Adaptive Conjoint Analysis: A New Approach to Defining Corporate Governance
Published online on June 30, 2016
Abstract
Manuscript Type
Empirical
Research Question/Issue
The method introduced to the corporate governance literature by this paper captures the construct of corporate governance in a small number of attributes, using responses made by directors and shareholders to an adaptive conjoint analysis questionnaire.
Research Findings/Insights
We demonstrate how to identify the key attributes of corporate governance from directors' and shareholders' relative preferences among a set of corporate governance attributes. The dominance of CEO duality as a relatively more important attribute is a key finding.
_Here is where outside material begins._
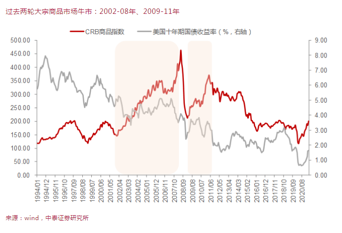 从历史规律来看,大宗商品牛市往往出现在:全球经济增速仍处在上升通道或者全球出现经济体对大宗商品具有强烈消费诉求。比如,1)2002年1月至2008年6月,全球经济处于上升通道,中国在加入WTO后经济腾飞,快速的工业化、城镇化极大地增加了对上游资源品的需求,引发大宗商品一轮牛市;2)2009年6月至2011年6月,全球金融危机后,中国在 “4万亿刺激”下掀起的房地产、基建的建设热潮对上游原材料的强力支撑,引发了又一轮大宗商品牛市行情,最后以OPEC大幅增产下油价的大幅下跌而结束。

Theoretical/Academic Implications
Adaptive conjoint analysis is a useful technique for research into governance issues characterized by constrained choice. For future researchers seeking to capture governance in a limited number of measures, we have identified four attributes considered by directors and shareholders to comprise effective corporate governance, with the single measure of CEO duality being the most important.
Practitioner/Policy Implications
This parsimonious set of attributes can guide the design of future corporate governance regulations, to avoid costly over‐regulation. We do not suggest that restrictions on multiple directorships or an appropriate board size should be added to current requirements, and the surprisingly low perceptions of audit partner tenure and audit committee size as important to good corporate governance suggest that these attributes could be excluded from future regulations.